(Beginning of Dataset)
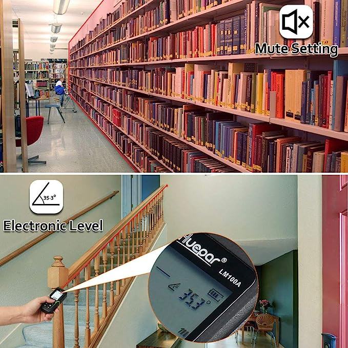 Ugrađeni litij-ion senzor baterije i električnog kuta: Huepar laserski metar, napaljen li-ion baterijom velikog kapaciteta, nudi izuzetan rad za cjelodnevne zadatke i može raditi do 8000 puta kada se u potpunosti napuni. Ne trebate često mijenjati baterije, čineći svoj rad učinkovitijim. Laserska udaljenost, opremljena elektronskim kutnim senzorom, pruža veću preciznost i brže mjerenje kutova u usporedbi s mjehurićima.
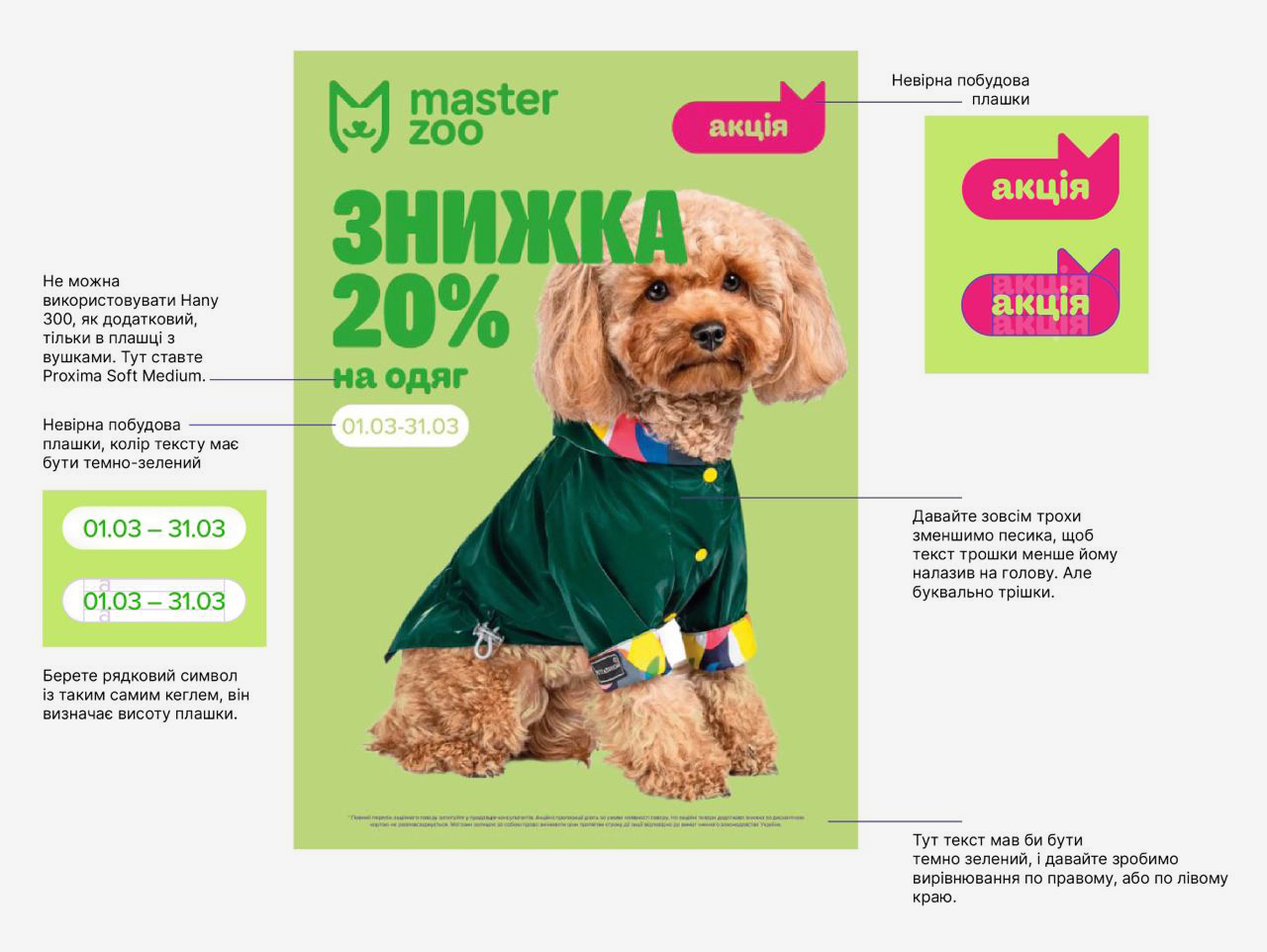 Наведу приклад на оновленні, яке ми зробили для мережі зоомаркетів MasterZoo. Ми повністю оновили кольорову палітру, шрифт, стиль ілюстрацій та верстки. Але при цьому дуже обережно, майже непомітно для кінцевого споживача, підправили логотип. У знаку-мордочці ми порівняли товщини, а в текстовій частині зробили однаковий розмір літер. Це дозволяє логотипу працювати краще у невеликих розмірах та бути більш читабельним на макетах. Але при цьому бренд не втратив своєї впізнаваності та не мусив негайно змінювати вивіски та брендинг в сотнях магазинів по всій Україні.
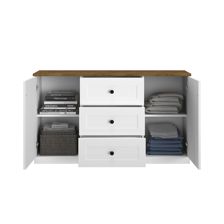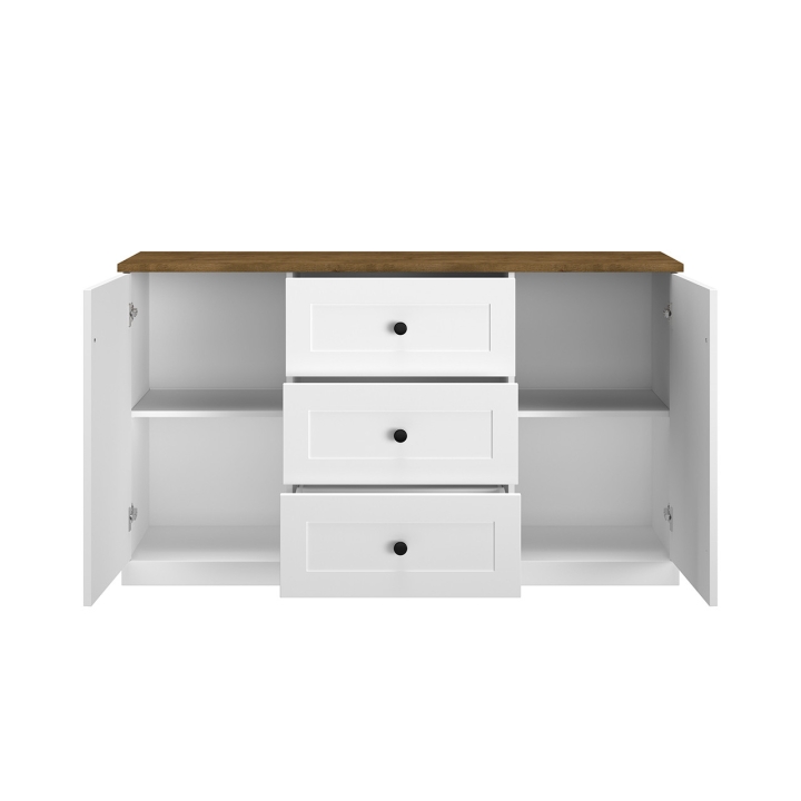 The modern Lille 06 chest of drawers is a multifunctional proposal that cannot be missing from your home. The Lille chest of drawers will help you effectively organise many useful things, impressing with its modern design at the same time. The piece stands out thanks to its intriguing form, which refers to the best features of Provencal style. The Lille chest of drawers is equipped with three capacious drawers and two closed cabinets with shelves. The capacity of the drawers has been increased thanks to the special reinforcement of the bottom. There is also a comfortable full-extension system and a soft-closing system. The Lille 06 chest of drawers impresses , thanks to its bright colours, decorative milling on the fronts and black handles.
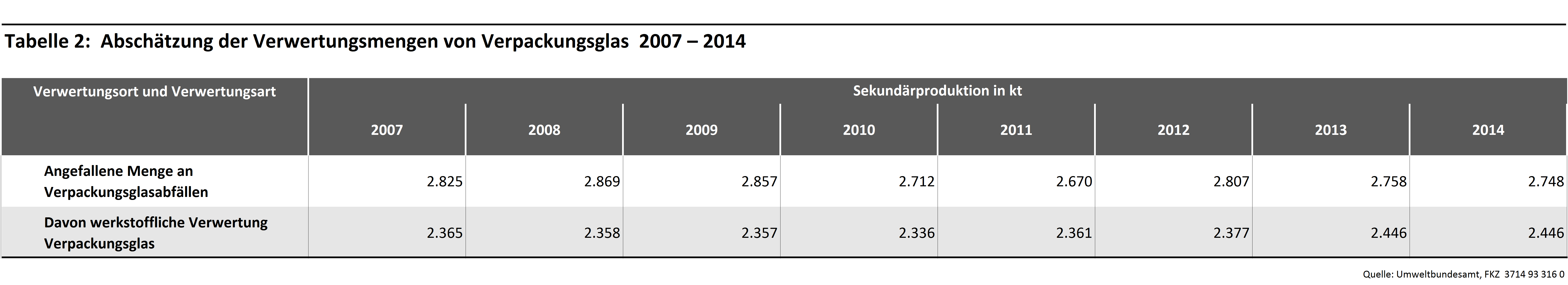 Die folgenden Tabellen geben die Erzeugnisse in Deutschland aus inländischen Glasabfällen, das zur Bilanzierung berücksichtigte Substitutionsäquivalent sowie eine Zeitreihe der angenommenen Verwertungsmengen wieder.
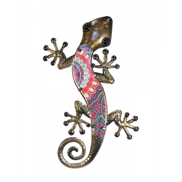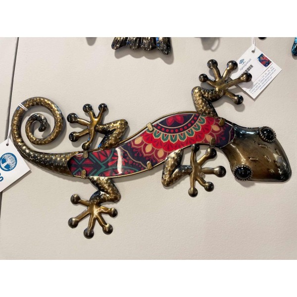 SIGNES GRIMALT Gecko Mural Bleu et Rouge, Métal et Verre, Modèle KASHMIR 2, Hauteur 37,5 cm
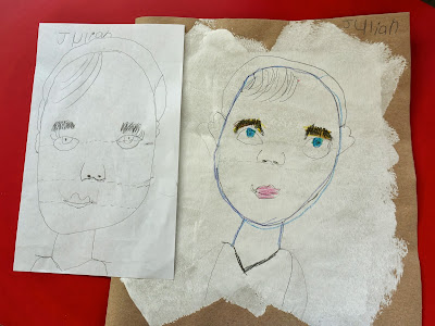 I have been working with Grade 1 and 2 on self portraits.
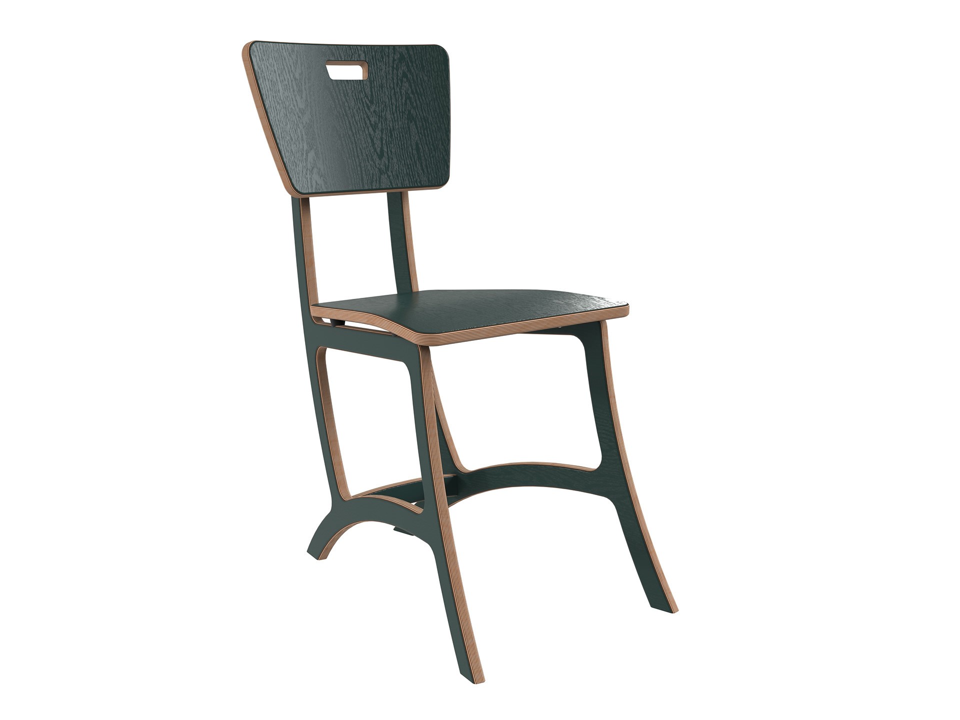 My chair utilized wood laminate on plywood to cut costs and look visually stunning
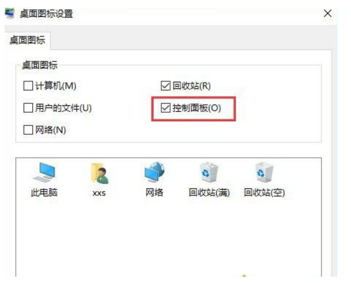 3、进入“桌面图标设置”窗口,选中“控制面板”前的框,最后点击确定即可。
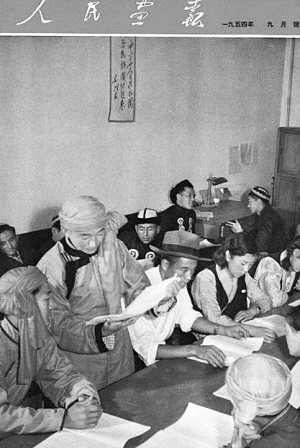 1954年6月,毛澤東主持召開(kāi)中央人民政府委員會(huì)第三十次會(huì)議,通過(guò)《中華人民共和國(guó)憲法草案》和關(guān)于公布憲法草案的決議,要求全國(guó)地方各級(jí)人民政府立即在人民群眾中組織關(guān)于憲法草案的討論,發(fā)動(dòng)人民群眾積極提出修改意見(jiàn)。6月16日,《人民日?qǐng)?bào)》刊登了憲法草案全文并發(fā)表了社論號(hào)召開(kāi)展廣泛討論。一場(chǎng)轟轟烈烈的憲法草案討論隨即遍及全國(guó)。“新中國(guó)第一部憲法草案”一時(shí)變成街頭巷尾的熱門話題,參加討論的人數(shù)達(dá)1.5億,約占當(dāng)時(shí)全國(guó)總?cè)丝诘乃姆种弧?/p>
(End of Dataset)
**Task to complete:**
Everything above except the pictures must be restated exactly.

**Expected answer:**
 Ugrađeni litij-ion senzor baterije i električnog kuta: Huepar laserski metar, napaljen li-ion baterijom velikog kapaciteta, nudi izuzetan rad za cjelodnevne zadatke i može raditi do 8000 puta kada se u potpunosti napuni. Ne trebate često mijenjati baterije, čineći svoj rad učinkovitijim. Laserska udaljenost, opremljena elektronskim kutnim senzorom, pruža veću preciznost i brže mjerenje kutova u usporedbi s mjehurićima.
 Наведу приклад на оновленні, яке ми зробили для мережі зоомаркетів MasterZoo. Ми повністю оновили кольорову палітру, шрифт, стиль ілюстрацій та верстки. Але при цьому дуже обережно, майже непомітно для кінцевого споживача, підправили логотип. У знаку-мордочці ми порівняли товщини, а в текстовій частині зробили однаковий розмір літер. Це дозволяє логотипу працювати краще у невеликих розмірах та бути більш читабельним на макетах. Але при цьому бренд не втратив своєї впізнаваності та не мусив негайно змінювати вивіски та брендинг в сотнях магазинів по всій Україні.
 The modern Lille 06 chest of drawers is a multifunctional proposal that cannot be missing from your home. The Lille chest of drawers will help you effectively organise many useful things, impressing with its modern design at the same time. The piece stands out thanks to its intriguing form, which refers to the best features of Provencal style. The Lille chest of drawers is equipped with three capacious drawers and two closed cabinets with shelves. The capacity of the drawers has been increased thanks to the special reinforcement of the bottom. There is also a comfortable full-extension system and a soft-closing system. The Lille 06 chest of drawers impresses , thanks to its bright colours, decorative milling on the fronts and black handles.
 Die folgenden Tabellen geben die Erzeugnisse in Deutschland aus inländischen Glasabfällen, das zur Bilanzierung berücksichtigte Substitutionsäquivalent sowie eine Zeitreihe der angenommenen Verwertungsmengen wieder.
 SIGNES GRIMALT Gecko Mural Bleu et Rouge, Métal et Verre, Modèle KASHMIR 2, Hauteur 37,5 cm
 I have been working with Grade 1 and 2 on self portraits.
 My chair utilized wood laminate on plywood to cut costs and look visually stunning
 3、进入“桌面图标设置”窗口,选中“控制面板”前的框,最后点击确定即可。
 1954年6月,毛澤東主持召開(kāi)中央人民政府委員會(huì)第三十次會(huì)議,通過(guò)《中華人民共和國(guó)憲法草案》和關(guān)于公布憲法草案的決議,要求全國(guó)地方各級(jí)人民政府立即在人民群眾中組織關(guān)于憲法草案的討論,發(fā)動(dòng)人民群眾積極提出修改意見(jiàn)。6月16日,《人民日?qǐng)?bào)》刊登了憲法草案全文并發(fā)表了社論號(hào)召開(kāi)展廣泛討論。一場(chǎng)轟轟烈烈的憲法草案討論隨即遍及全國(guó)。“新中國(guó)第一部憲法草案”一時(shí)變成街頭巷尾的熱門話題,參加討論的人數(shù)達(dá)1.5億,約占當(dāng)時(shí)全國(guó)總?cè)丝诘乃姆种弧?/p>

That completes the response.